Das Rechtsgutachten gelangte zu dem Ergebnis, dass der Zeuge in wirksamer Stellvertretung für die Klägerin gehandelt habe. Später stellte sich heraus, dass der Zeuge von Deutschland aus tätig geworden war, so dass für die Frage der Stellvertretung Deutsches Recht zur Anwendung kam. Die Beklagte hat für das Rechtsgutachten umgerechnet rund 11.600 € bezahlt.
Das LG hat die Kosten des Rechtsgutachtens für erstattungsfähig gehalten. Die hiergegen gerichtete sofortige Beschwerde der Klägerin war vor dem OLG erfolgreich.
Die Gründe:
Die Kosten des Rechtsgutachtens sind nicht erstattungsfähig.

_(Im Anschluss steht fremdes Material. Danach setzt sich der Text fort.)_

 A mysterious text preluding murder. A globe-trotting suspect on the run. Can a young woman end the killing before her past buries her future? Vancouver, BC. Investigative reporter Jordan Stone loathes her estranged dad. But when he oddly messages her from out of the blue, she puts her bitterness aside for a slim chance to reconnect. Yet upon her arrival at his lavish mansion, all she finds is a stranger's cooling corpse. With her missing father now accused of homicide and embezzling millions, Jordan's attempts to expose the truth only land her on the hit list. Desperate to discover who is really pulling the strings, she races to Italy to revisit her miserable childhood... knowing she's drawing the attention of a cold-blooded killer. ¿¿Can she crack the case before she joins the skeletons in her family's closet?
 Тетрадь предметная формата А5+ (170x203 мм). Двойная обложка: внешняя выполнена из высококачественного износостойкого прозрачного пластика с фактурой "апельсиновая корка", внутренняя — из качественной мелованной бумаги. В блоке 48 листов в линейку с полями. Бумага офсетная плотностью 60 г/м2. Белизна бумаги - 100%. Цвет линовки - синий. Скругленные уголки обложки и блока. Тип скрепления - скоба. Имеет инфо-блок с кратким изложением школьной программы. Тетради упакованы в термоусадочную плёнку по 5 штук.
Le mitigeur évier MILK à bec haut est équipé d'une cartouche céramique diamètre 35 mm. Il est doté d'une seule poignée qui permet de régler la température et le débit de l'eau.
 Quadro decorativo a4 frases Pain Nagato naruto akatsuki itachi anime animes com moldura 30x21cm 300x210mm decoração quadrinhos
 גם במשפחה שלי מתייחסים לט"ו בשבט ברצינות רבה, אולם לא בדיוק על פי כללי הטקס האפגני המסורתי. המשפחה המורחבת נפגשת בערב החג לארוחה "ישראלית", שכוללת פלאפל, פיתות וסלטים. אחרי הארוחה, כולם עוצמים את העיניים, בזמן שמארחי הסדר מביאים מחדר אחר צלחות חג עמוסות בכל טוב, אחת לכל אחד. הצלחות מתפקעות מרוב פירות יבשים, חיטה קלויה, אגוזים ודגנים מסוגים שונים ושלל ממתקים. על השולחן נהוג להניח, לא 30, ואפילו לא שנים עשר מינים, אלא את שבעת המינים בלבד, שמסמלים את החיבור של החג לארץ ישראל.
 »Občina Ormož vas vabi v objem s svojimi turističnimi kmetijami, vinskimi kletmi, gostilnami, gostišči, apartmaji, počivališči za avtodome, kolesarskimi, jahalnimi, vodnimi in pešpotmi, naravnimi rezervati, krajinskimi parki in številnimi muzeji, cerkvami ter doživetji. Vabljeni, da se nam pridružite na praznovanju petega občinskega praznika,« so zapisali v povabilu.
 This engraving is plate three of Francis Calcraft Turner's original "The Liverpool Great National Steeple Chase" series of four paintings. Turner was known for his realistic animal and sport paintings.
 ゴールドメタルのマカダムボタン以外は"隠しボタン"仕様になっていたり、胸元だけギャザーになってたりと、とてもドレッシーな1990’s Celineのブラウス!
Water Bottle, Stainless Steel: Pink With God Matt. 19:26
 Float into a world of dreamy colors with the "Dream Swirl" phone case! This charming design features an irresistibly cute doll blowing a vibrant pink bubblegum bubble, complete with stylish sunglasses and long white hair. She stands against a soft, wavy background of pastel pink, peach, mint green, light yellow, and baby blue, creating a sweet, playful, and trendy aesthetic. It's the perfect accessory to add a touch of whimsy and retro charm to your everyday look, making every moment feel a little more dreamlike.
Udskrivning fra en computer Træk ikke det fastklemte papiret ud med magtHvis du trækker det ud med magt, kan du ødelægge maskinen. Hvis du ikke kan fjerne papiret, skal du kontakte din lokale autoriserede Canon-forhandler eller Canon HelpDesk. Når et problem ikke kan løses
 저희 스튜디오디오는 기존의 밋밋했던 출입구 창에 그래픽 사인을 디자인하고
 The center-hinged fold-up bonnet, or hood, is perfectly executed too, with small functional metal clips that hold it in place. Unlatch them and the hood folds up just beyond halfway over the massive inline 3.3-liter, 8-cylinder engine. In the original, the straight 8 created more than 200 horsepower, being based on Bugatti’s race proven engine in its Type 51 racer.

Die Kosten eines während des Rechtsstreits eingeholten Privatgutachtens sind nur ausnahmsweise erstattungsfähig, nämlich dann, wenn die Kosten unmittelbar prozessbezogen und notwendig sind. Die Einholung eines Privatgutachtens ist notwendig, wenn eine verständige und wirtschaftlich vernünftig denkende Partei die Kosten auslösende Maßnahme ex ante als sachdienlich ansehen durfte. Sachdienlichkeit kann insbesondere dann zu bejahen sein, wenn die Partei infolge fehlender Sachkenntnisse ohne die Einholung des Privatgutachtens nicht zu einem sachgerechten Vortrag in der Lage war.
Diese Grundsätze gelten auch für die Einholung eines während des Rechtsstreits eingeholten Rechtsgutachtens über ausländisches Recht. Die Beklagte durfte die Einholung des Rechtsgutachtens nach Schweizer Recht ex ante aber nicht als sachdienlich ansehen. Sie ist nämlich durch das Rechtsgutachten nicht in die Lage versetzt worden, sich gegen den geltend gemachten Anspruch sachgerecht zu verteidigen. Für die Schlüssigkeit ihres Vorbringens in der Klagerwiderung war das Rechtsgutachten ohne Bedeutung. Die Beklagte hätte für ihren Sachvortrag die Anwendung Deutschen Rechts unterstellen können. Es wäre dann Sache der Klägerin gewesen, dies zu bestreiten, und gegebenenfalls - sofern entscheidungserheblich - wäre es Aufgabe des Gerichts gewesen zu klären, ob für die Frage der Stellvertretung Deutsches oder Schweizer Recht zu Anwendung kommt.